Pavement to walk to class. Electricity to charge a laptop. Water to stay hydrated and focused. These are resources college students rely on every day, but rarely does anyone take time to look at how their life interacts with these essential parts of the environment.
But that’s not something David Davies, professor of anthropology at Hamline University, takes for granted. In fact, it’s his field of study – and now he’s helping Hamline students build a greater perspective of the city around them through his Anthropology of Infrastructure class, which takes a granular look at the human-built environment that makes everyday life in St. Paul possible
“One of the things that anthropologists do is make invisible things visible,” Davies said. “One of the inspirations for this class was discovering what these forces are that impact us every day, who organizes them, and where do they work?"
Davies said that most human beings now live in human-managed environments, so his new course looks at these individual systems and how they work together to enable our contemporary way of life. The class analyzes St. Paul as a central case study with frequent visits to local infrastructure sites, including Saint Paul Regional Water Services, the Recycling and Energy Center, the Saint Paul Wastewater Treatment Plant, The High Bridge Electrical Generating Station, and the Saint Paul Asphalt Plant, among other places.
"It's not very fun to study infrastructure without interacting with it,” Davies said. “It's one thing to study a power plant, it's another thing to be in a power plant – there's no comparison."
“This class is exceptional in so many ways, not least for its stark contrast from my other, more lecture- and reading-heavy courses,” said Ben Rosenberg ’24, a computational data science major. “Despite the inevitable infrastructural odors, every session of this class is refreshing.

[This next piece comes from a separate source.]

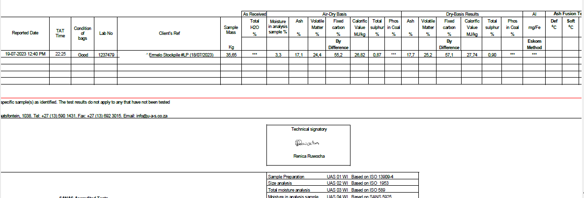 Anthracite ROM (Lower seam roof). 20,000 on floor Ermelo • Specs: Inherit moisture: 2.0% >Ash content: 35,6% >Volatile Matter: 7,1% >Fixed Carbon: 55,3% >Calorific Value: 19,65% >Total Sulphur: 0,91% R1000 Negotiable with direct buyer Old report available, test yourself. POF, Test, Pay and Load NOTE: Only lab technician allowed to sample (verified), buyer can come along (no brokers or mandates) ================================== DIRECT BUYER ONLY (NO MANDATES, NO BROKERS) www.transmatta.com www.commoditymarket.co.za Vally: 076 467 44832023-09-18 23:49:04 |

I come back to a new Hamline after every site visit. I didn’t know how much I wanted to revisit and expand on grade school field trips.”

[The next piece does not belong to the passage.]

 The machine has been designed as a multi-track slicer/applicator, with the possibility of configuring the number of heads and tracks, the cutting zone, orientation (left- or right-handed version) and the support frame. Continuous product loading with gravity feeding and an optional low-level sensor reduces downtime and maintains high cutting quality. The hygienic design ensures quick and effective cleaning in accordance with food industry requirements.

And sometimes the process that goes into arriving at a site can tell the students nearly as much as the visit itself.
“When we went to the power grid, grid management folks told us we’ll need IDs and badges,” Davies explained. “We went into this room that looked like something out of a sci-fi movie – it was two stories tall – and that’s where they run the power grid. We were seeing live displays of every single electrical connection in the central United States. It was deeply impressive."

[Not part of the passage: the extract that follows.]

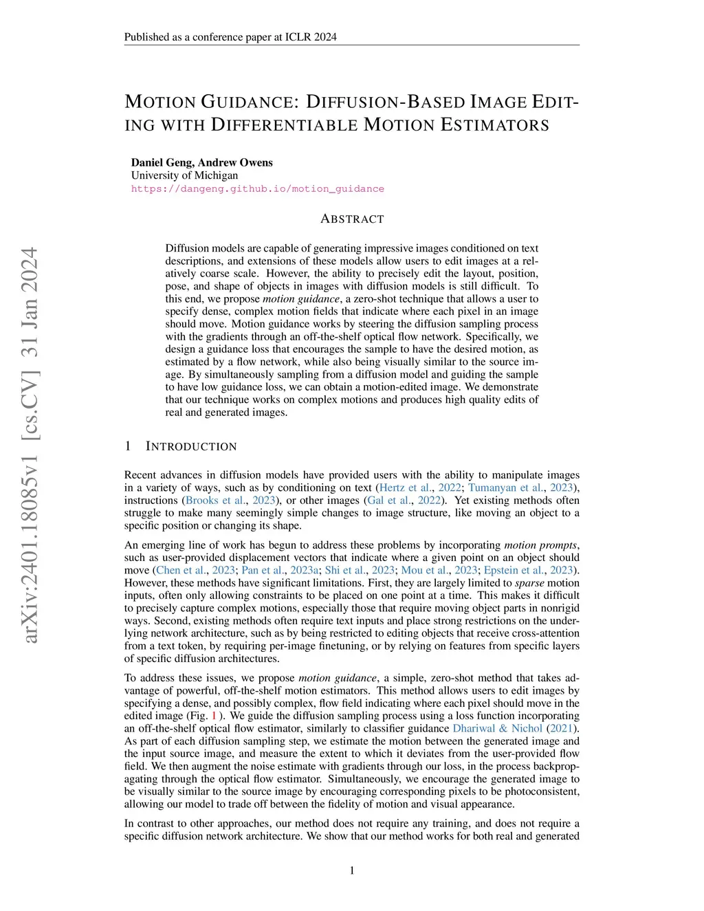 Diffusion models are capable of generating impressive images conditioned on text descriptions, and extensions of these models allow users to edit images at a relatively coarse scale. However, the ability to precisely edit the layout, position, pose, and shape of objects in images with diffusion models is still difficult. To this end, we propose motion guidance, a zero-shot technique that allows a user to specify dense, complex motion fields that indicate where each pixel in an image should move. Motion guidance works by steering the diffusion sampling process with the gradients through an off-the-shelf optical flow network. Specifically, we design a guidance loss that encourages the sample to have the desired motion, as estimated by a flow network, while also being visually similar to the source image. By simultaneously sampling from a diffusion model and guiding the sample to have low guidance loss, we can obtain a motion-edited image. We demonstrate that our technique works on complex motions and produces high quality edits of real and generated images.

The local aspect of the class is balanced with a cross-cultural look at infrastructure case studies from other parts of the world. After site visits, students connect what they saw with the international books they are reading, connecting common and contrasting issues and solutions. Students are also tasked with writing an infrastructure study over the course of the semester, taking a deep dive into a specific element of their choice – such as street lights, bridges, or mobile phone infrastructure, for example.
Overall, the core principles of the class are a fair representation of the newly developed department of Humans, Environments and Climate at Hamline – which draws on the strengths of the Anthropology and Environmental Studies programs at Hamline. Davies said student interest in the class has been strong, which is a good sign for the new direction of the department.
“I have constantly felt more aware of my surroundings during this class: the ground I stand on, the water I drink, and the countless other beating hearts beneath the floorboards,” Rosenberg said. “I feel radically more aware of all the fascinating things I do not know.”